NextRadio, which began in 2012, was intended to be an industry-wide effort to make mobile phones act like smart portable radios. But Smulyan said in October that the consortium he had hoped to build never materialized.

“NextRadio and TagStation are efforts that I and many others championed and spent enormous energy supporting,” Smulyan wrote to his staffers. “We believed in the success of these businesses. To come to this day is a difficult one, not just for the employees directly impacted, but for Emmis and the radio industry.”
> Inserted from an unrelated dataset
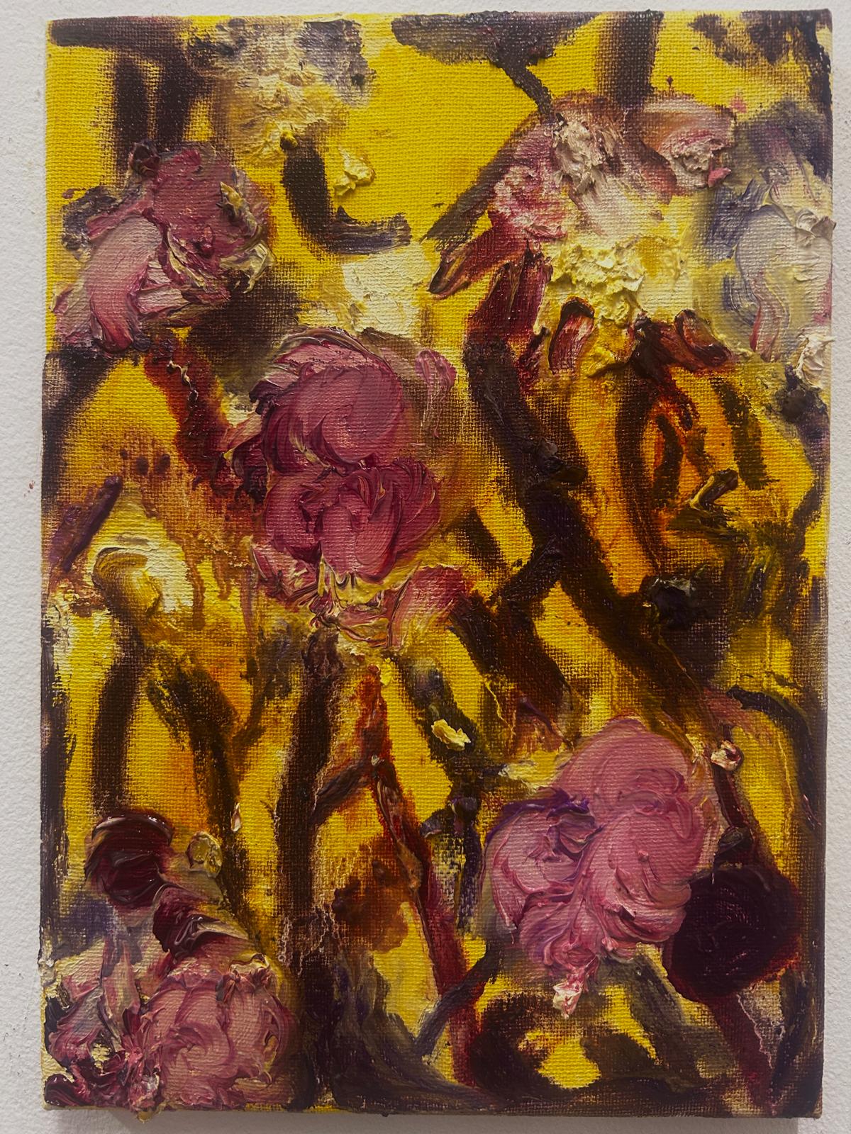 These paintings are part of a series. The intimate scale here demands close looking, and engagement from the viewer. Capturing what might seem incidental is crucial to me, for these paintings. That which is sometimes seen, happened upon, but forgotten about in the conscious memory, but held somewhere in the unconscious realm, has a particular hold for me. The intense light at a certain time of day, dawn or daybreak, flooding through branches, leaves and flowers has a central mystery that is, perhaps, impossible to capture. Those seemingly incidental experiences, which are transient, drive my making of these paintings.

Emmis officials announced during an October earnings call with analysts that the company has lost $7.6 million on NextRadio in the last 12 months alone.

The type of loss Emmis had this year with NextRadio “has been going on year after year,” Smulyan told IBJ this fall.

Smulyan continually said there was considerable support for NextRadio, which allowed cell phones using an app to tune into FM radio with various enhancements not available through a traditional radio, and allowed advertisers to more directly target listeners with tailored messages. But Smulyan admitted that support “was 10 miles wide and a tenth of a mile deep.”

After years of negotiations, Emmis finally got a buy-in from a number of major cell phone carriers to allow their cell phones to activate a chip so the FM radio app would work. 

But Emmis’ negotiations with other radio operators weren’t as successful. Some within the industry said cash-strapped radio operators didn’t have enough money to support the effort. Two of the nation’s biggest radio operators—Clear Channel and Cumulus Media—have been in bankruptcy.

Smulyan said Emmis could no longer afford to pay for an industry-wide initiative essentially on its own.